In order to give the issue the attention it demands, India should immediately suspend all further UN deployments. This should be followed by a graduated withdrawal of all Indian troops operating under the UN flag. There might be a case for a small, token presence, in carefully chosen theatres. It is time for India to stop seeing foreign troop deployments as “risking lives in the service of an ideal.” Rather, they should be seen as being tightly coupled with vital foreign policy objectives, like for instance, securing India’s construction crews in Afghanistan. As India’s economic interests expand globally, it is likely that the need for such deployments will increase.

You can follow the debate sparked by these comments over at Pragmatic Euphony, a blog devoted to India’s national interest. Fears of new violence ahead in the eastern Congo suggest that Indian peacekeepers may be in the headlines again this summer, as this is one of the theatres in which they are squarely on the frontline. A rapid drawdown of Indian forces isn’t imminent – New Delhi has good reasons to look responsible after (i) it took flak for helping kill off Doha (whatever the merits!) and (ii) the IAEA signed off on the US-India nuclear deal this week.

But these online stirrings may be the start of something bigger. India could well lose faith in the relevance of peacekeeping – recent violence in Kashmir and reports that Pakistan was implicated in July’s attack on the Indian embassy in Kabul are reminders that it has urgent problems on its doorstep to tend to. New Delhi is also deeply skeptical about all the current talk about the Responsibility to Protect (as it demonstrated during the Burmese cyclone crisis) and is liable to demand an ever-greater say in UN strategy-making if it is to stay involved. That raises the tricky question of when if ever India will get a permanent Security Council seat

If India cut back on its peacekeepers it would be incredibly difficult to sustain big peace operations in places like the Congo. This is often obscured by (i) a lazy assumption that the South Asians will be peacekeepers forever out of habit; (ii) a focus on the views of African troop suppliers, especially in Darfur; and (iii) possibly excessive excitement about the prospect of other countries getting involved, like China. China’s peacekeeping commitments are still less than a quarter of India’s.

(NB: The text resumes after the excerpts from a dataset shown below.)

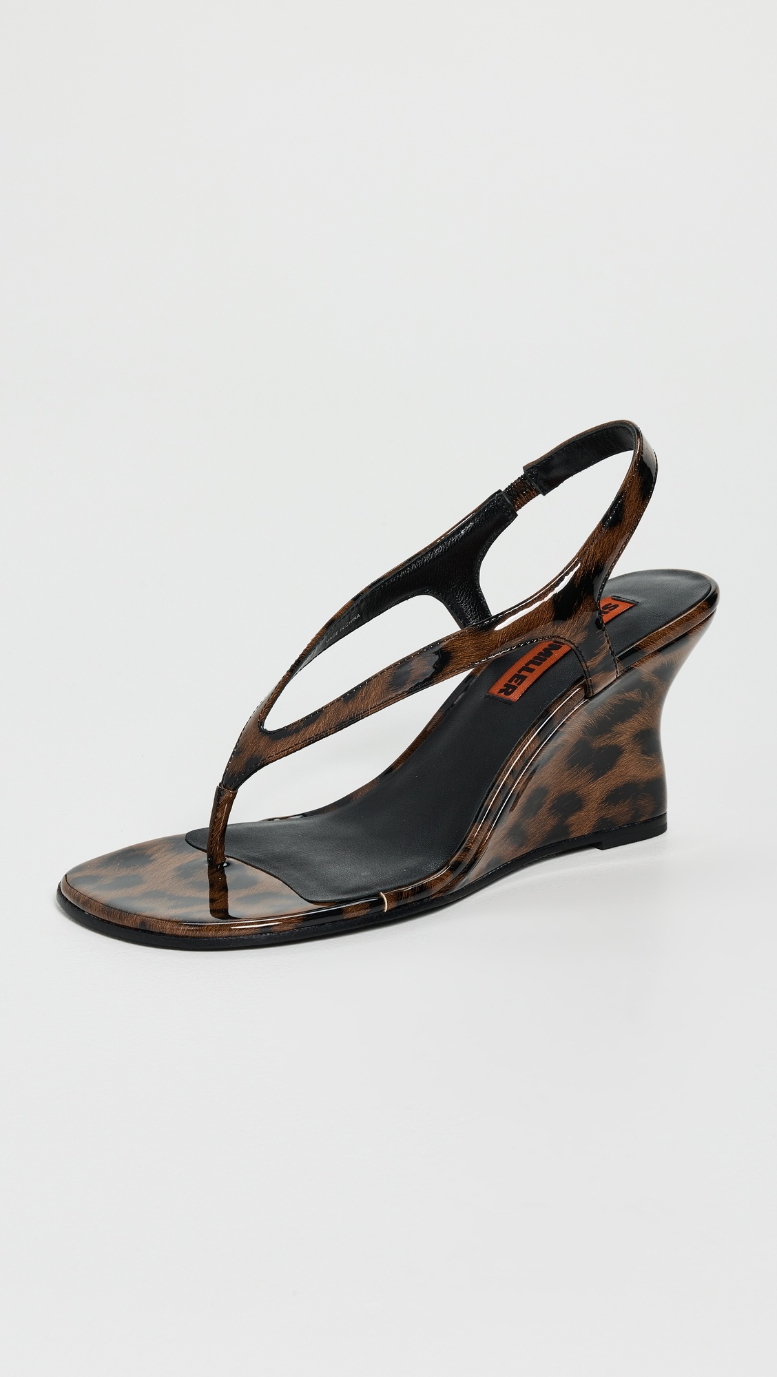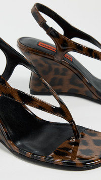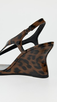- Upper: Faux patent leather - Leopard print - Lining: Leather - Wedge heel - Slip on - Open toe - Leather sole with rubber heel cap - Imported, China - This item cannot be gift-boxed Style #SIMIL30924
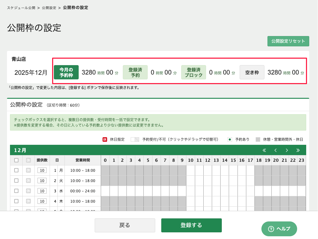 各メインメニューの公開枠設定画面で、1ヶ月の提供時間・予約時間・空き時間を把握できるようになりました。
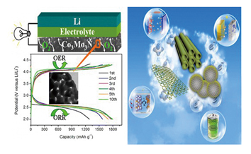 기존의 리튬 공기 배터리의 순환 수명이 짧은 문제점을 해결하기 위해 연구팀은 Co 원소를 질화물 재료에 도입하여 두 가지 효과의 촉매 성능을 보유한 Co3Mo3N 3원 재료를 디자인하고 합성하였으며 동 재료에 기반한 메조 기공(Mesoporous) 나노 음극을 개발하여 리튬 공기 배터리가 심층 정도의 방전을 실행할 때의 순환 수명을 대폭 향상시켰다(J. Phys. Chem. C, 2013, 117, 858-865).
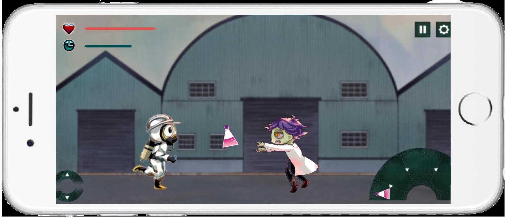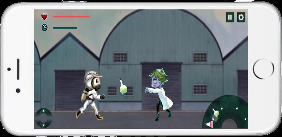 The game is divided into four levels, with difficulty varying based on the number and types of patients. The interface is intuitive: the left thumb controls movement, while the right thumb selects the decontaminant. The top-left corner displays the current health and remaining time for the level.
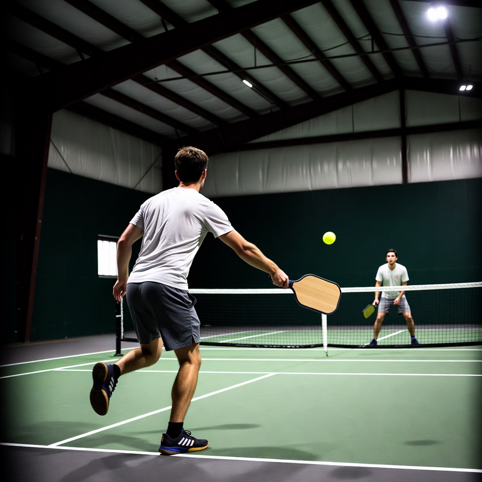 Two men playing pickleball indoors
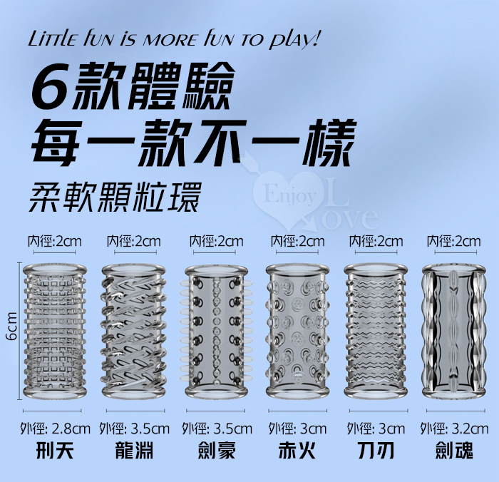 | 武魂系列.劍魂六組合套~顆粒入珠肉刺環繞鎖精延時陰莖加強環~成人性趣輔助用品-6款體驗裝﹝透明黑﹞
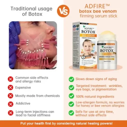 ✓ Effective Results: ADFIRE™ Botox Bee Venom Firming Serum Stick delivers noticeable results. providing visible improvements to your skin’s tone. texture. and firmness.
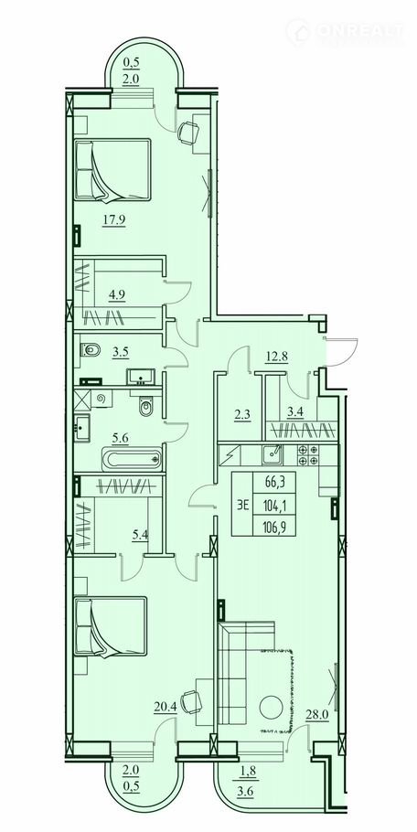 Общая площадь 106.9 м2
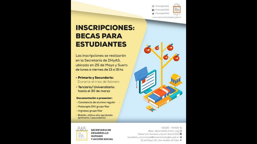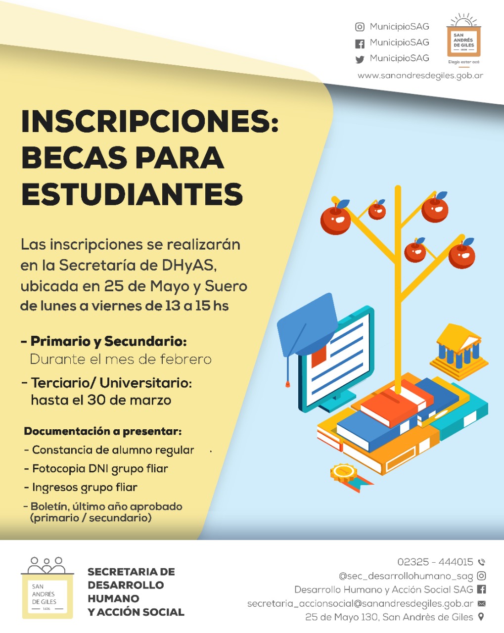 La Municipalidad otorga todos los años becas para alumnos de los niveles primario, secundario, terciario y universitario. Para ello te informamos las fechas y lugares donde inscribirte.
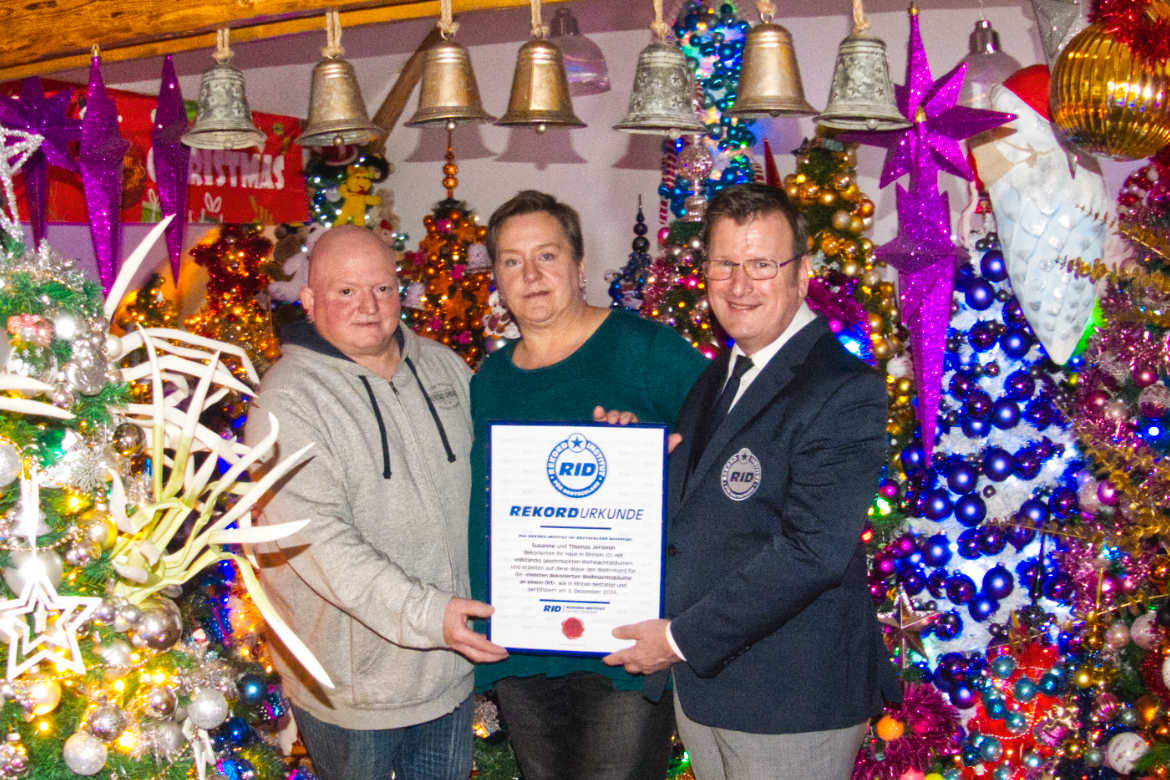 Und er nutzte den spärlichen freien Platz innerhalb der prächtigen Weihnachtsbaumdekorationen, um die Jeromins mit ihrer verdienten offiziellen RID-Rekordurkunde auszuzeichnen.
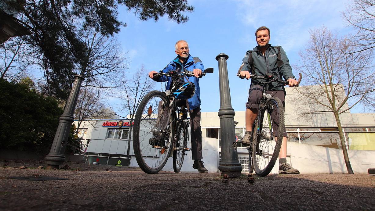 Mittendurch: „Nicht optimal“, finden Georg Hofemann und Andreas Edler vom ADFC Löhne und Bad Oeynhausen an der Elisabethstraße in Bad Oeynhausen. | © Ulf Hanke
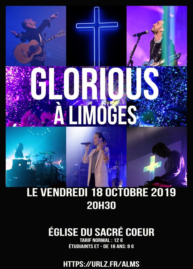 Le Groupe Glorious reviens un an après, le vendredi 18 octobre pour une soirée de Louange et de prières exceptionnelle à l'Eglise du Sacré Coeur de Limoges ! Vous y êtes tous invités. Le Seigneur vous attend et veut vous y rejoindre ! Invitez vos amis. Dieu va faire des choses extraordinaires ! Billetterie : https://www.helloasso.com/associations/association-diocesaine-de-limoges/evenements/glorious-a-limoges

I’ve got yet another academic analysis of the dynamics of UN ops out, in a book on “Strategies for Peace” (don’t be put off by the lime-green cover). I wrote it ages ago, but it highlights the South Asian contribution and how UN missions rely on a global compact between three categories of state: “those in which large-scale peace operations are deployed (mainly in Africa); those which supply the bulk of peacekeeping forces (most notably in South Asia and Africa); and those that provide most of the funding for peace operations (the United States, EU members and Japan).” Lose the Indians, and that compact starts to unravel.

Unfortunately (or thankfully, depending on your perspective) this new article isn’t online. But it concludes along the lines of a shorter think-piece I published last year about developing a new strategic consensus that all those involved in UN ops can buy into if they are to keep on keeping on… a consensus, I infer from the Indian online debate, that should be couched in interests not ideals.

UPDATE: check out Pragmatic Euphony’s interesting riposte to this post here.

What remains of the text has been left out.